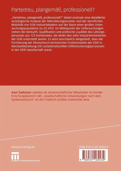 "Parteitreu, plangemäß, professionell?" bietet erstmals eine detaillierte soziologische Analyse der Rekrutierungsmuster und der beruflichen Mobilität von DDR-Industriekadern auf der Basis einer großen Untersuchungspopulation (n=32.493). Im Mittelpunkt der Untersuchungen stehen die Herkunft, Qualifikation und politische Loyalität des Leitungspersonals aus 125 Kombinaten, die direkt den zehn Industrieministerien der DDR unterstellt waren. Es wird anschaulich dargestellt, dass die Formierung der ökonomisch-technischen Funktionselite der DDR in Wechselbeziehung mit sozialstrukturellen Differenzierungsprozessen in der DDR-Gesellschaft stand.
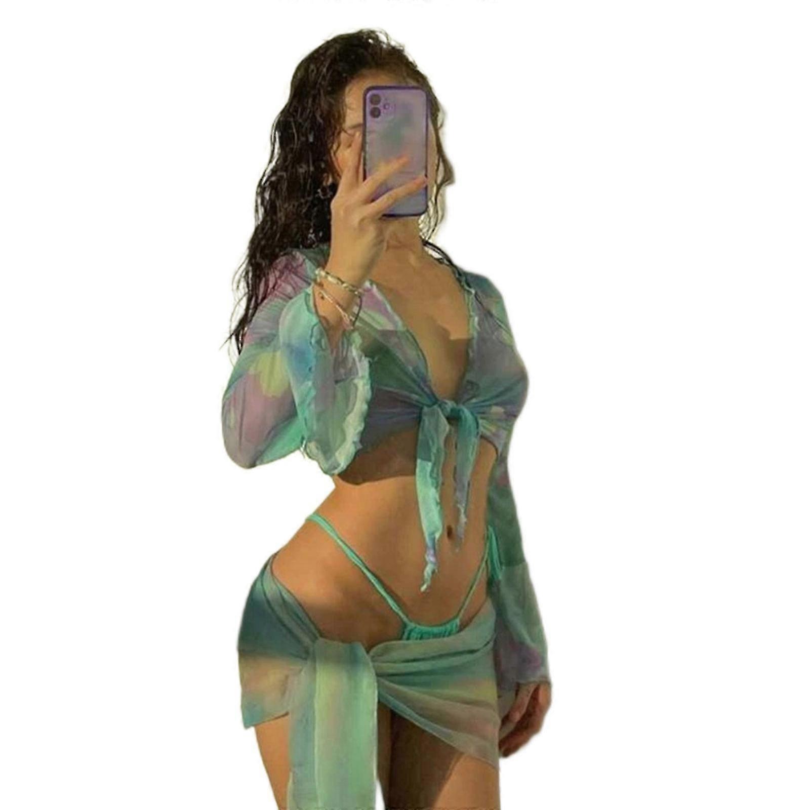Tie Dye 4-piece Knotted Swimming Suit Wrap Beachwear Gather Bikini For W/ Cover
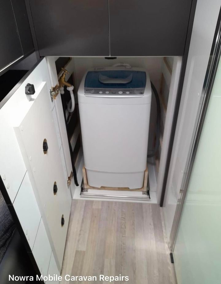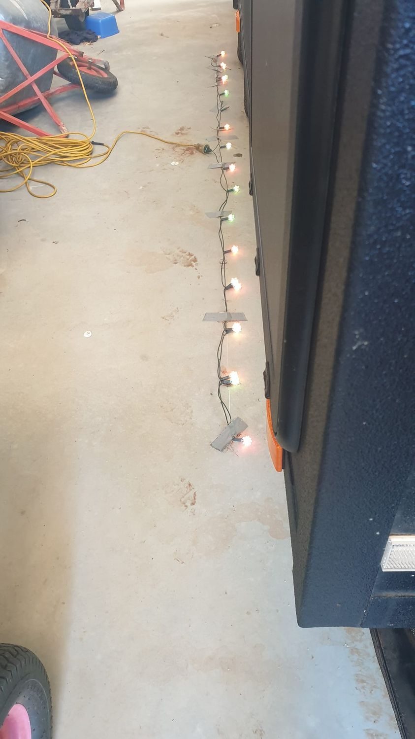 Doug posted:  Hi to all the Sunland owners that went to Maryborough, we had a great time looking at other peoples mods and attending various events. We are now looking forward to next years gathering. We finally made it back to Young NSW today, washed the van and put it away. Just thought I’d remind you how I use a string of Xmas tree lights, taped to the floor, so I have a guideline to aim for when I back into the shed, works just as well in the daytime.
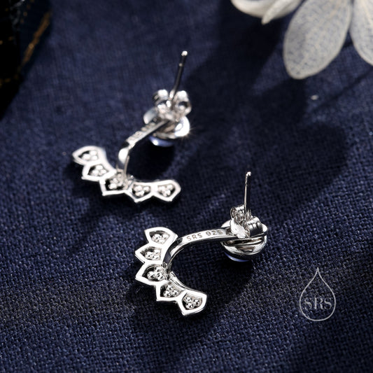Sterling Silver Front and Back Stud Earrings Ear Jackets with Sparkly Crystals, Curved Bar Crawler Jacket Earrings
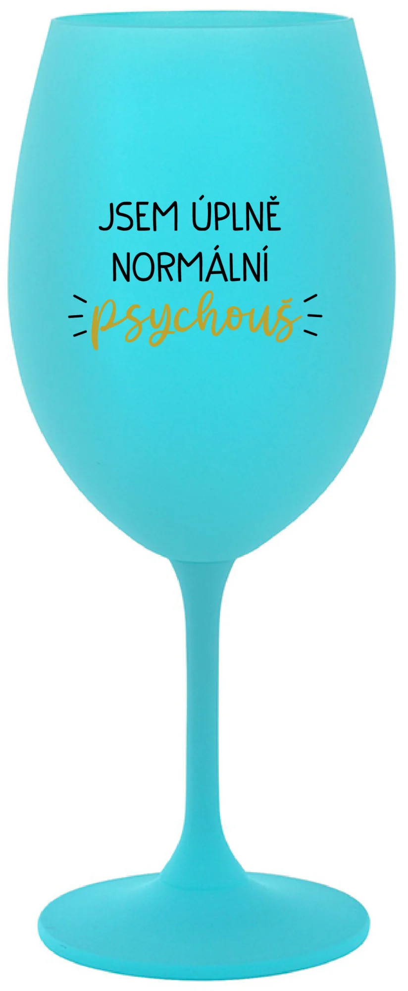 JSEM ÚPLNĚ NORMÁLNÍ PSYCHOUŠ - tyrkysová sklenice na víno 350 ml
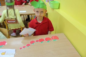 Dzieci w tym dniu dowiedziały się również o tym jak rośnie jabłoń, zobaczyły na ilustracjach etapy rozwoju jabłka, obejrzały na obrazkach jak wygląda sad, praca w sadzie oraz jak jabłko jest zbudowane. Była także okazja do wykonania zadań matematycznych typu przeliczanie jabłek i umieszczanie pomponów na drzewie jabłoni oraz porównywanie wielkości jabłek.
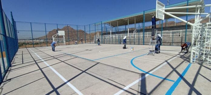 Además, se reparó la malla ciclónica de canchas deportivas, tableros de básquetbol, de hizo demarcación de líneas en canchas de futbol, básquetbol, así como pintura en gradería y muros de 18 unidades deportivas, entre ellas: Huerta Legarreta, Praderas del Sur, Mármol II, Riberas de Sacramento I, II y III, Jardines de Oriente, Camino Real, Punta Oriente, San Felipe, Ponce de León, Unidad Banderas Punta Oriente, Nuevo Milenio, Tarahumara, Wildcats y Nogales.
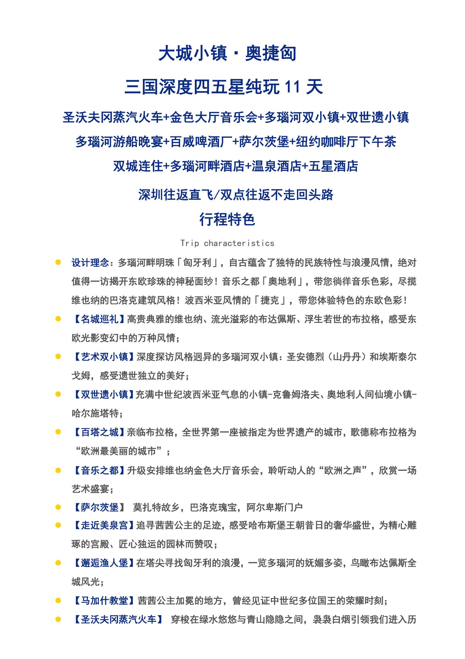 【暑假、国庆】<东欧三国:匈牙利+奥地利+捷克深度纯玩11天>圣沃夫冈蒸汽火车+金色大厅音乐会+多瑙河双小镇+双世遗小镇 多瑙河游船晚宴+百威啤酒厂+萨尔茨堡+纽约咖啡厅下午茶 双城连住
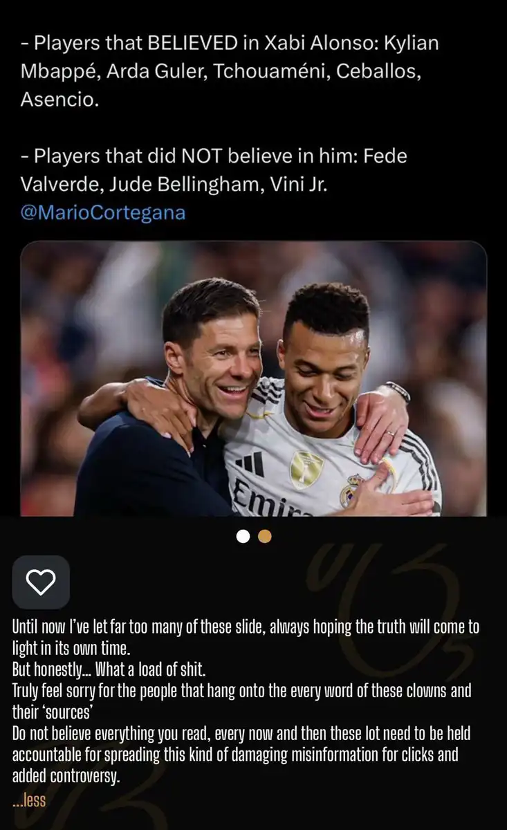 وتفاعل بيلينغهام مع الأنباء التي أفادت حول خلاف بين تشابي ألونسو وبعض نجوم الفريق وعلى رأسهم اللاعب الإنجليزي.
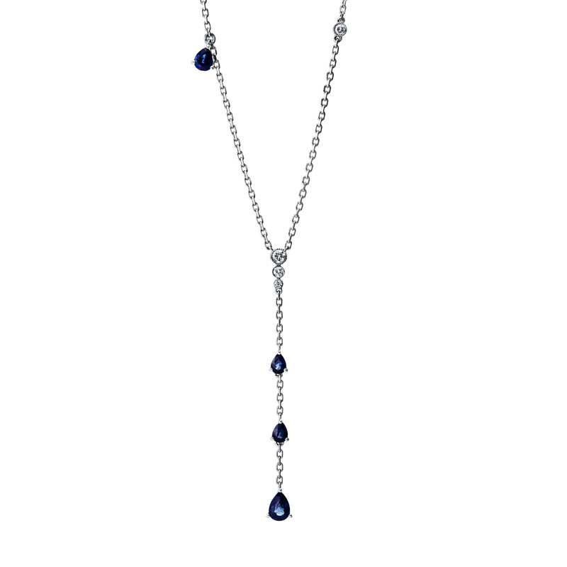 Collier 18 kt WG, 4 Brillanten 0,12 ct, TW-si, 3 Saphire 0,57 ct blau, 1 Saphir 0,50 ct blau, L:43,2 cm
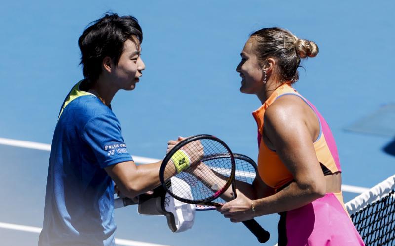 中国选手白卓璇(左)与白俄罗斯选手萨巴伦卡赛后握手致意。 当地时间1月21日,在墨尔本进行的2026年澳大利亚网球公开赛女单第二轮比赛中,中国选手白卓璇0比2不敌白俄罗斯选手萨巴伦卡,无缘下一轮。 新华社记者 马平 摄
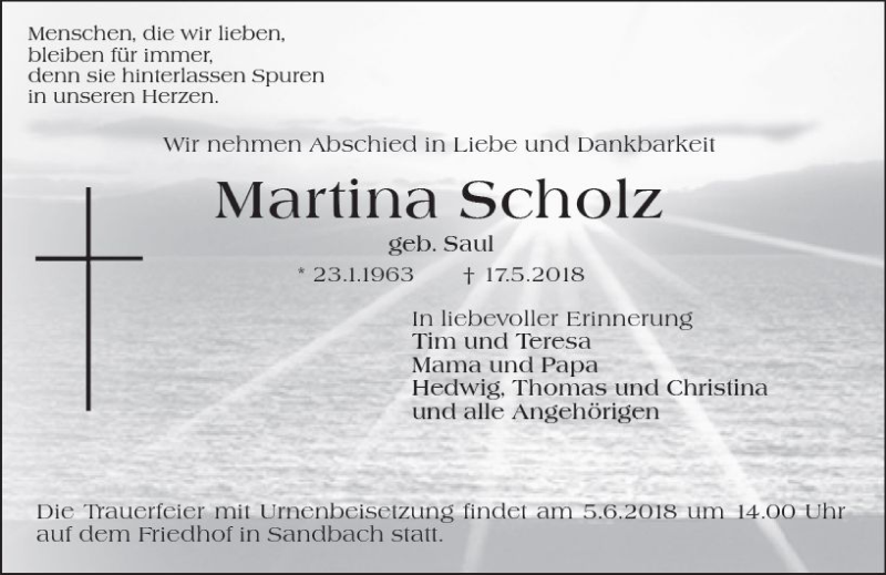 Hier finden Sie alle Traueranzeigen aus der Zeitung, die bisher für Martina Scholz erschienen sind. Weitere Traueranzeigen, die in der Zeitung erscheinen, werden hier ebenfalls aufgelistet
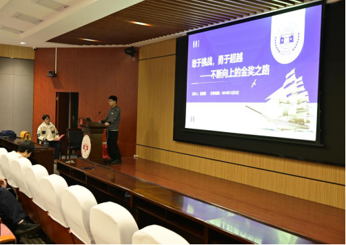 张亚朋以“敢于挑战,勇于超越——不断向上的金奖之路”为题,与同学们分享了其在创新创业领域的宝贵经验。他结合自身经历,从创新大赛解析到参赛经验分享,详细讲述了参赛动机、参赛策略以及最终实现全国金奖的历程。他分享了备赛过程中从校赛到国赛的每一个关键步骤,包括团队建设、PPT制作、路演答辩等实用经验,为同学们提供了具体指导。最后,他勉励在场同学勇敢面对挑战,积极参与创新创业实践,锻炼综合能力,为国家创新驱动发展贡献青年力量。
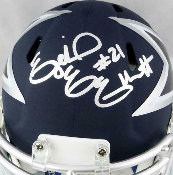 Ezekiel Elliott Autographed Dallas Cowboys AMP Speed Mini Helmet- Beckett Auth *Silver This is a hand autograph of Ezekiel Elliott of the Dallas Cowboys on a Riddell AMP Speed Mini Football Helmet. This item has a Beckett Authentication, which comes with a numbered and a matching Beckett Certificate of Authenticity. You can view this item on the Beckett Authentication website. It was signed either at a public autograph appearance or a private signing. This is a stock photo of the item. Although you may not receive this exact item, the item you receive is virtually identical and brand new in great shape.
####
## WHAT THE EXERCISE ASKS
Starting at the line that contains "وتفاعل بيلينغهام مع" and ending at the line that contains "Hier finden Sie", transcribe the material above exactly, excluding pictures.

## ANSWER TO THIS EXERCISE
 وتفاعل بيلينغهام مع الأنباء التي أفادت حول خلاف بين تشابي ألونسو وبعض نجوم الفريق وعلى رأسهم اللاعب الإنجليزي.
 Collier 18 kt WG, 4 Brillanten 0,12 ct, TW-si, 3 Saphire 0,57 ct blau, 1 Saphir 0,50 ct blau, L:43,2 cm
 中国选手白卓璇(左)与白俄罗斯选手萨巴伦卡赛后握手致意。 当地时间1月21日,在墨尔本进行的2026年澳大利亚网球公开赛女单第二轮比赛中,中国选手白卓璇0比2不敌白俄罗斯选手萨巴伦卡,无缘下一轮。 新华社记者 马平 摄
 Hier finden Sie alle Traueranzeigen aus der Zeitung, die bisher für Martina Scholz erschienen sind. Weitere Traueranzeigen, die in der Zeitung erscheinen, werden hier ebenfalls aufgelistet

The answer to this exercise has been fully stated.